The lesson she learned when she found herself caught in the gridlock that gripped Interstate 40 and other central Oklahoma highways when the storm hit Friday evening is a message that the National Weather Service and state and local officials tried to drill home today, as people in the tornadoes' path started to try to pick up their lives.

"It was really chaos that we didn't plan on encountering," Allam said. "Left too late. We weren't expecting this mass exodus of people coming out. Gridlock. There was nowhere to go. We had to inch along."

And what was worse, as she found herself stuck in traffic, the storm took a turn and headed her way.

PHOTOS: Twisters Hit OKC Area Again

"When you are seeing this thing coming up behind you and you're gridlocked and you originally thought you'd have time to outrun it, going forward, when it's really approaching you faster than you can get away from it, then you start to get a little frightened," Allam said.

"It's just raining, becoming torrential rain, and headlight to headlight to headlight, it's just bumper to bumper as far as you can see, miles ahead and miles in back," she said.
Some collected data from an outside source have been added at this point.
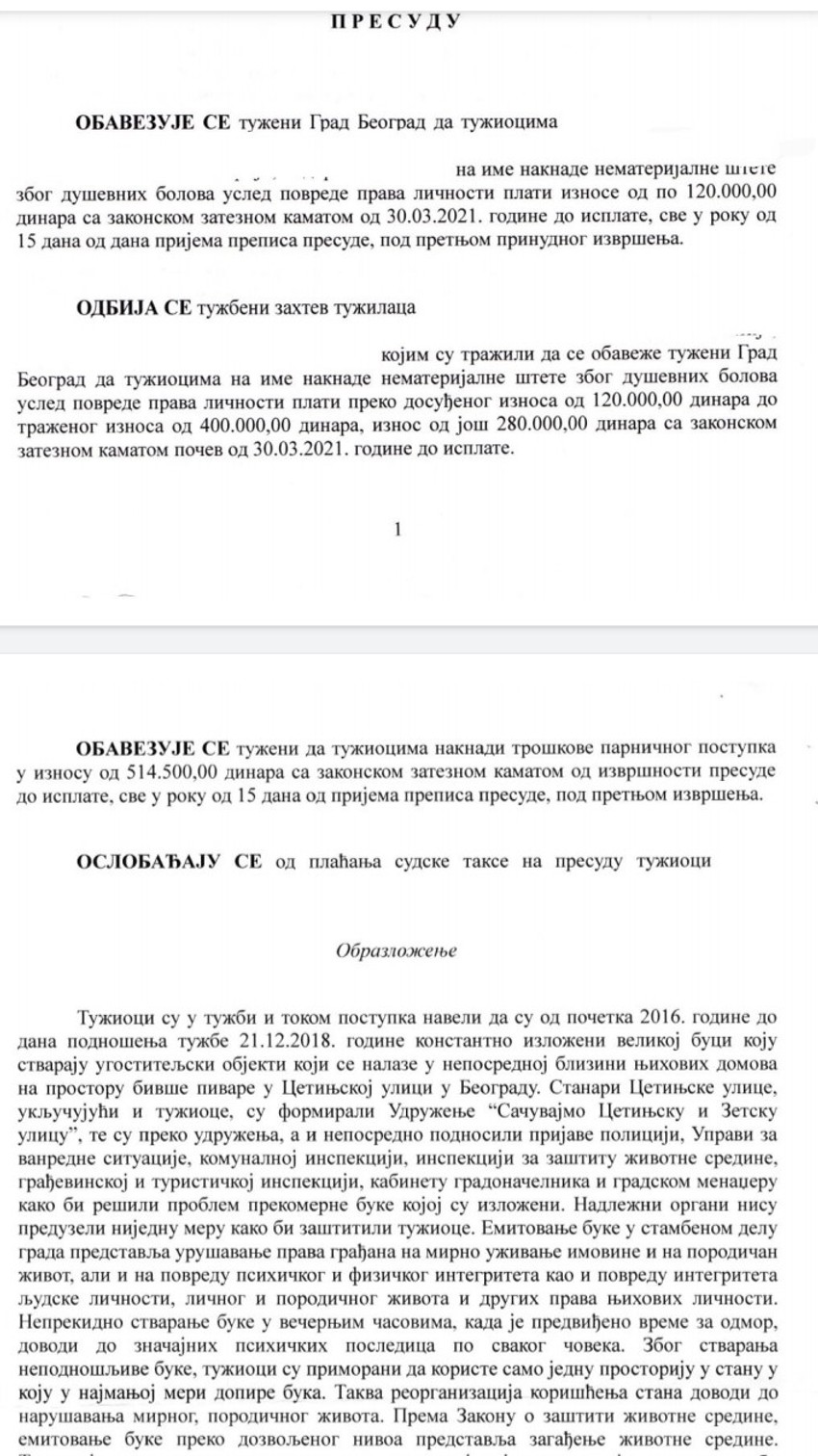 Inače, prema pesudi od kraja marta ove godine, Grad Beograd je u obavezi da stanarima isplati po 120.000 dinara "na ime nakandne nematerijalne štete zbog duševih bolova usled povrede prava ličnosti", navodi se u presudi.
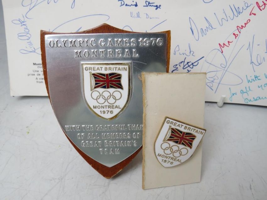 A PAGE OF BRITISH OLYMPIC TEAM MONTREAL 1976 AUTOGRAPHS, together with a small Olympic shield and an enamel badge
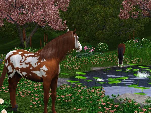 A lone stallion looked across the pond to see a lovely mare enjoying a cool drink on a sunny day.
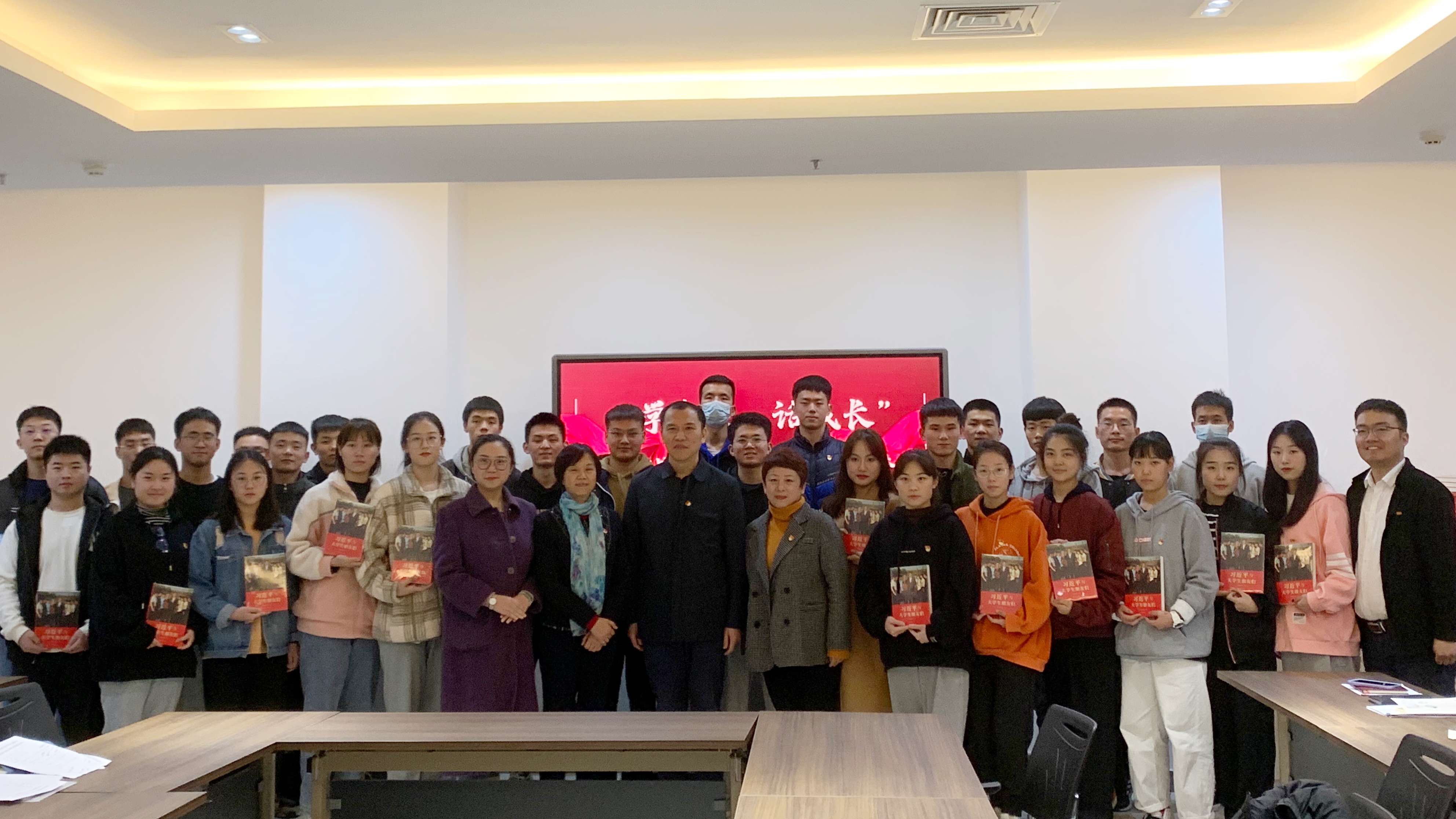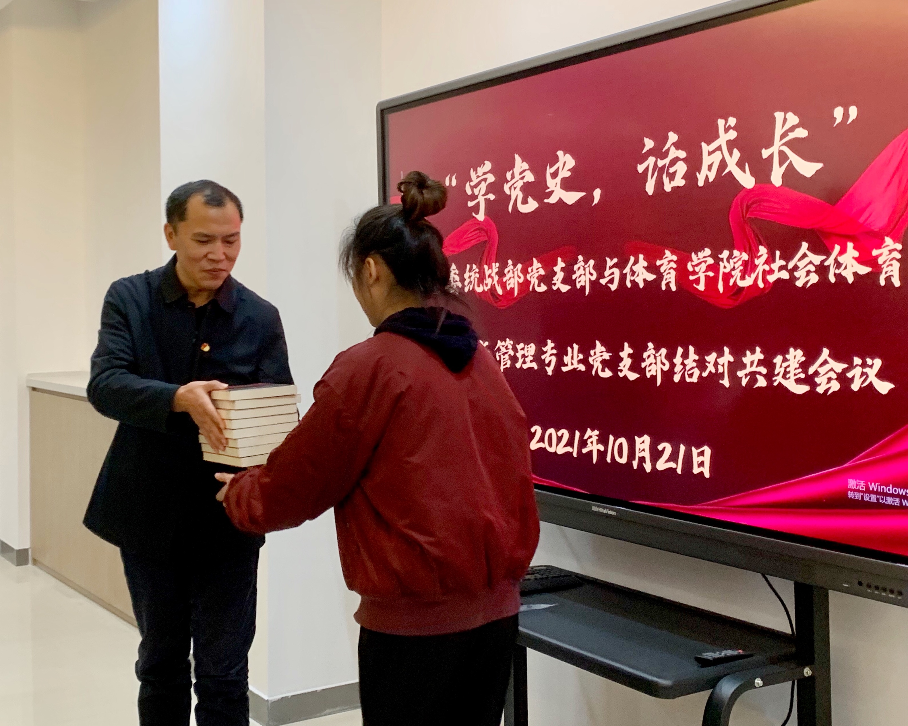 陈书章代表党委统战部党支部向社会体育指导与管理专业党支部全体党员赠送书籍《习近平与大学生朋友们》。
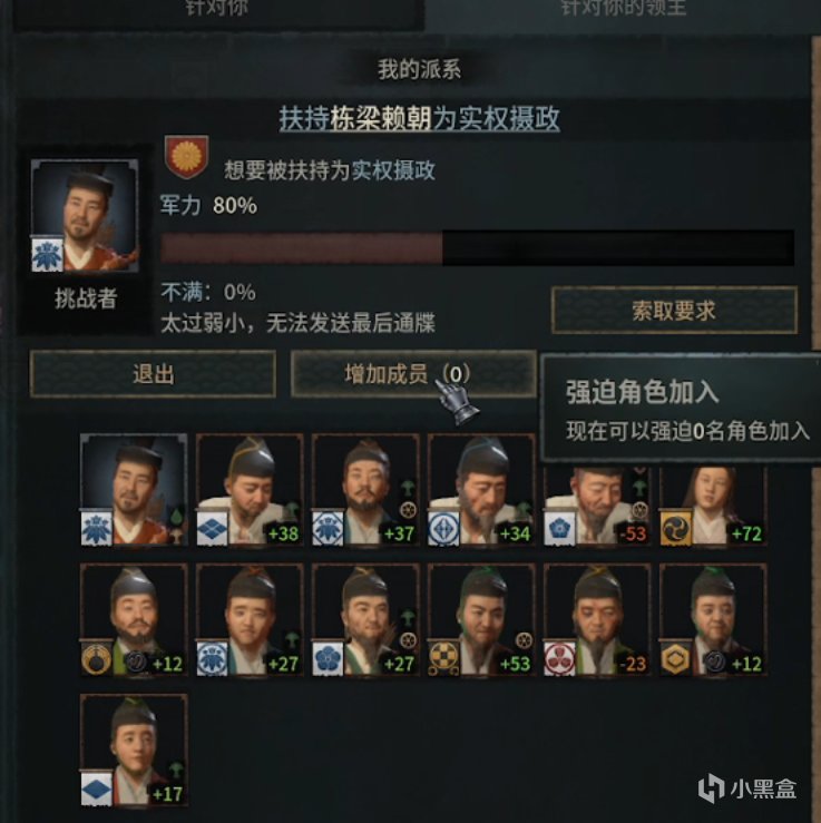 之后你需要威望等级,和公爵头衔去拿集团领导权,你打开领导界面他不愿意的的话,你可以稍微走一下谋略左线,拿一个可以做牵制的技能。
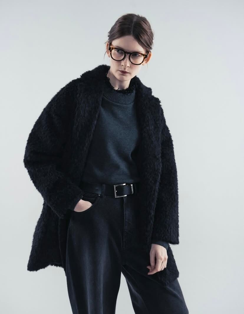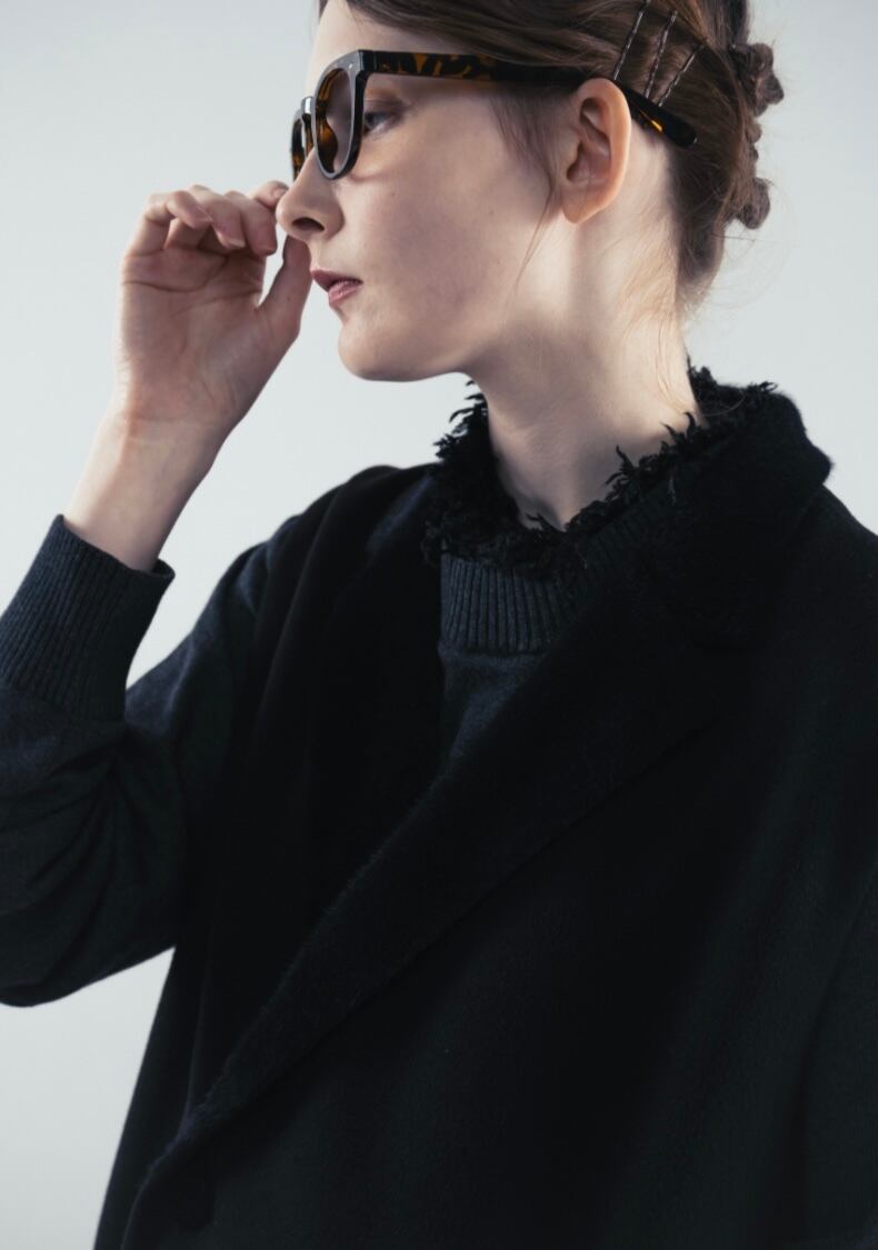 素材の表側にハイマルチフィラメントのポリエステル、裏側にはカチオンスパンPLで編み上げ、更に表面をニードルパンチで混ぜ合わせることで肌触りの柔らかな風合いと豊かな膨らみを表現している生地を使用したノーカラーロングコート。肩から袖にかけての美しく、滑らかなラインは、アームホールを無くした贅
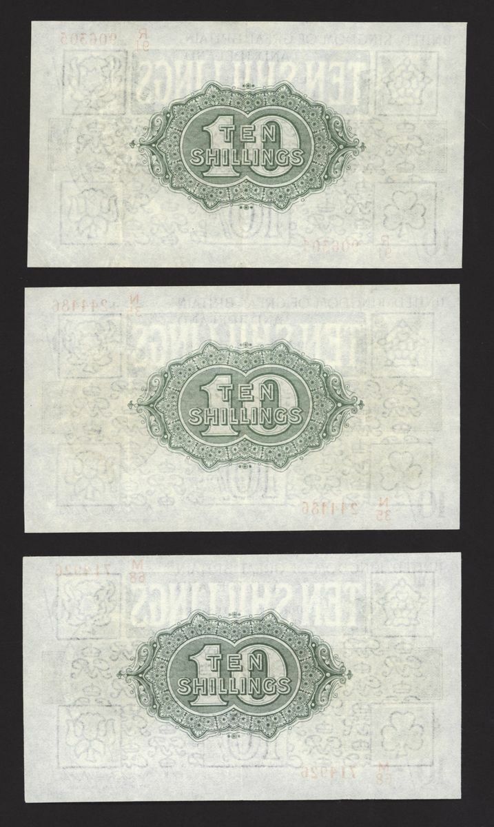 Treasury, [3 notes] 10 Shillings, ND (1922), N. F. Warren Fisher, no. M/68 714926, no. N/35 244486, and no. R/91 906305
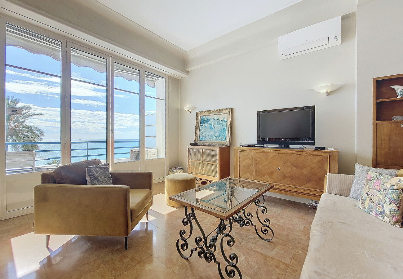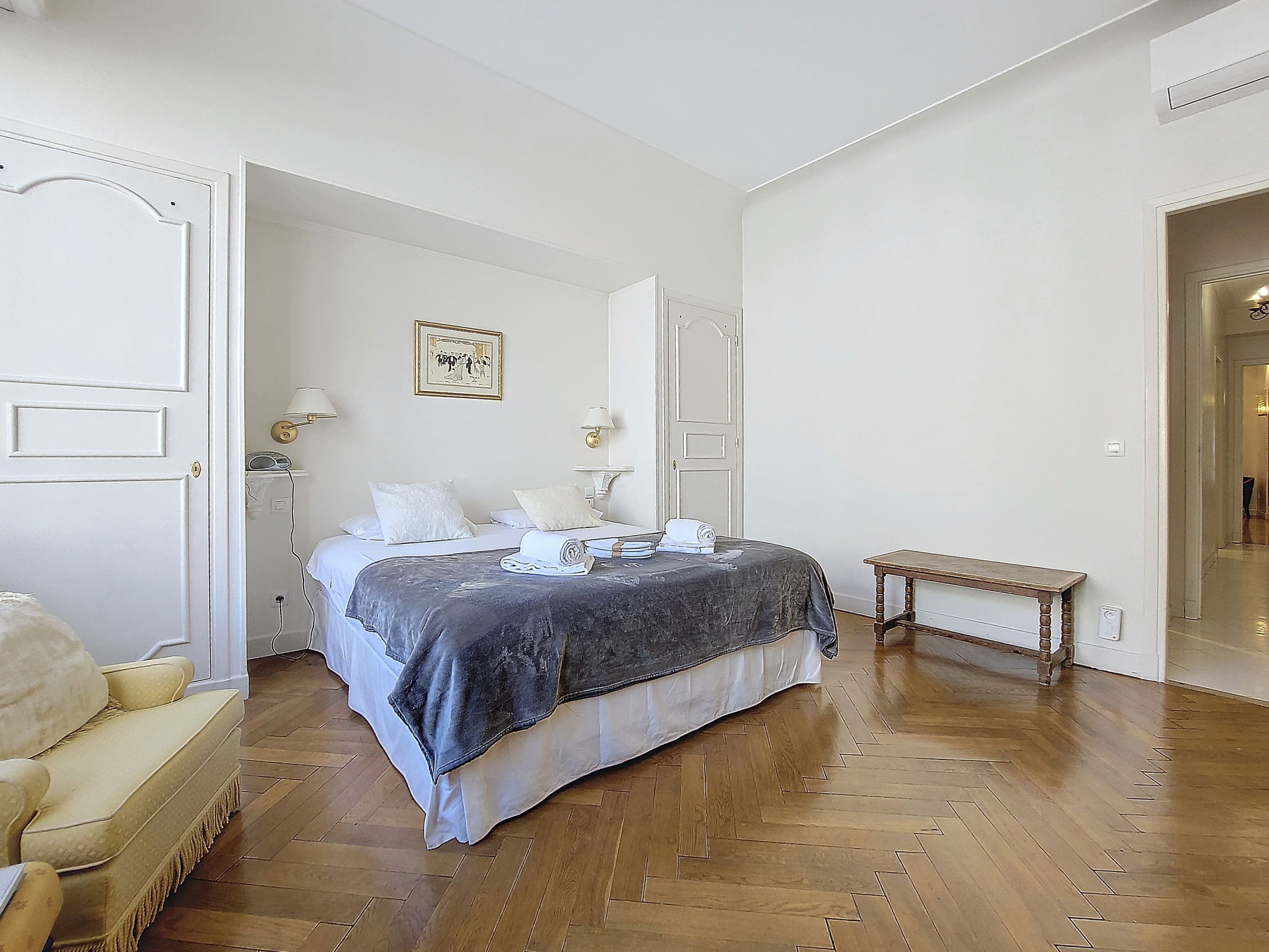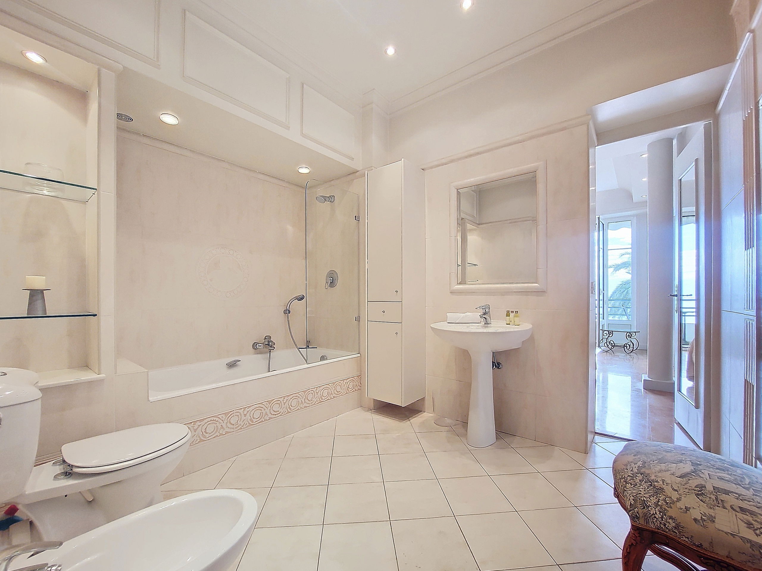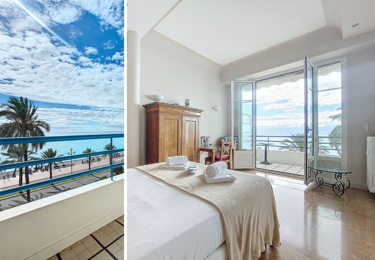 Bel appartement climatisé de deux chambres et deux salles de bain. Il a une localisation rêvée sur la Promenade des Anglais au niveau du centre-ville. Il bénéficie d’une grande terrasse avec une vue magique sur la mer.

The NWS warned people to get off the roads and find someplace secure, but Allam and others said they were torn by conflicting messages. Some local media even urged people to get in their cars and flee south.

"I think the reason for this is because May 20 [when an EF-5 tornado ripped through the same area] is still as I said very much in our hearts and minds," she said. "Too much too soon -- paranoia, expecting same devastation."

But it was that fear that led to the gridlock, and proved deadly. Officials said today that at least seven of the nine people killed by the storm were in their cars, including a mother and her baby.

"They were traveling on the interstate and their car was sucked up into the tornado and they were sucked out of their car," Oklahoma Highway Patrol Trooper Betsy Randolph said.

She said the mother and her baby were possibly sucked out of their car near Interstate 40.

"We know that the storm picked them up and swept them away," Randolph said. "When the troopers found them, they were both deceased.

"I cannot stress to you just how important it is that if people don't have to be out, that they stay inside and seek shelter," Randolph said. "There's just no safe place to be except underground when a tornado is present."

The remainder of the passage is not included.